● **Exercise**: The copy must run from the line containing "Syahri, Wahyu Julhani" through the final line of the records, both included, exactly as written. It should contain no pictures.

● **Source records**:
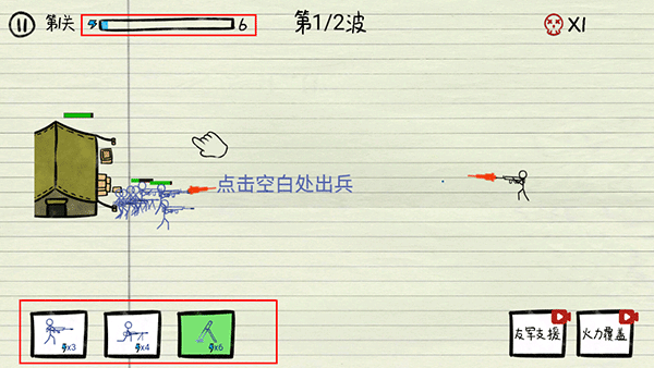 4、在这里我们要做的就是通过合理的派遣士兵将来犯的敌人全部消灭,最终将所有敌军击败即可通过关卡
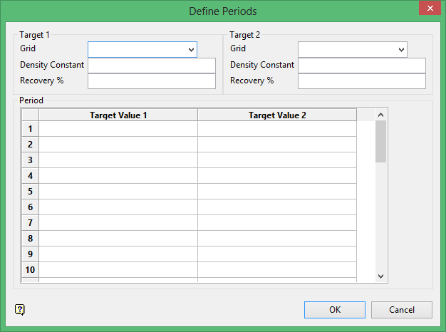 Use the Define Periods option to define target periods. You can target against any grid. While the grid is usually a thickness (coal or overburden) grid, it may also be a tonnage grid, a $'s grid, an hours grid, etc.
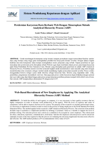 Syahri, Wahyu Julhani and Hanafi, Limansyah (2022) Perekrutan karyawan baru berbasis web dengan menerapkan metode Analytical Hierarchy Process (AHP). Sistem Pendukung Keputusan dengan Aplikasi, 1 (2): 4. pp. 89-99. ISSN 2829-2820
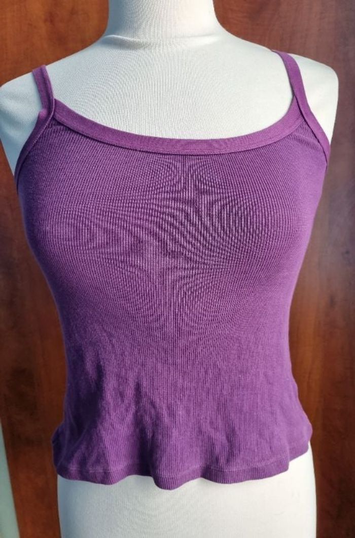 Débardeur violet à bretelles,taille 40 marque Etam, longueur sans bretelles 39cm, largeur 38cm, largeur aisselle à aisselle 37cm,mini taches voir photos.
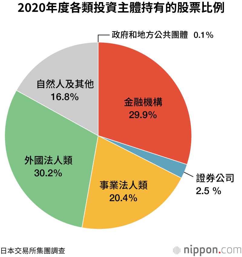 負責運營東京證券交易所等機構的日本交易所集團(JPX)近日公佈的2020年度持股份布情況調查資料顯示,截至2021年3月底,自然人股東數達到了5981萬人,同比成長308萬人,創下歷史最高記錄。
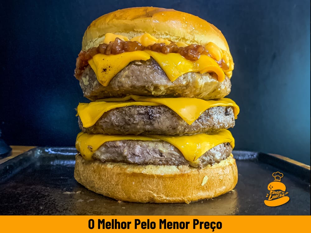 O Big Cheddar Triplo Artesanal é uma experiência culinária inigualável. Seu pão brioche macio e dourado envolve Três suculentas carnes artesanais de 150g cada, totalizando 450g de carne, repleta de sabor autêntico. 3 fatias de queijo cheddar, derretido ao ponto ideal, harmoniza-se com nosso molho cheddar, que é extremamente saboroso e cremoso. Para um toque final, a cebola, cuidadosamente picada, é cozinhada na chapa com um delicioso molho barbecue, que agrega um toque defumado ao prato. Este é o nosso Big Cheddar Triplo, um hambúrguer gourmet feito para os verdadeiros amantes do queijo cheddar.

● **Response to this exercise**:
 Syahri, Wahyu Julhani and Hanafi, Limansyah (2022) Perekrutan karyawan baru berbasis web dengan menerapkan metode Analytical Hierarchy Process (AHP). Sistem Pendukung Keputusan dengan Aplikasi, 1 (2): 4. pp. 89-99. ISSN 2829-2820
 Débardeur violet à bretelles,taille 40 marque Etam, longueur sans bretelles 39cm, largeur 38cm, largeur aisselle à aisselle 37cm,mini taches voir photos.
 負責運營東京證券交易所等機構的日本交易所集團(JPX)近日公佈的2020年度持股份布情況調查資料顯示,截至2021年3月底,自然人股東數達到了5981萬人,同比成長308萬人,創下歷史最高記錄。
 O Big Cheddar Triplo Artesanal é uma experiência culinária inigualável. Seu pão brioche macio e dourado envolve Três suculentas carnes artesanais de 150g cada, totalizando 450g de carne, repleta de sabor autêntico. 3 fatias de queijo cheddar, derretido ao ponto ideal, harmoniza-se com nosso molho cheddar, que é extremamente saboroso e cremoso. Para um toque final, a cebola, cuidadosamente picada, é cozinhada na chapa com um delicioso molho barbecue, que agrega um toque defumado ao prato. Este é o nosso Big Cheddar Triplo, um hambúrguer gourmet feito para os verdadeiros amantes do queijo cheddar.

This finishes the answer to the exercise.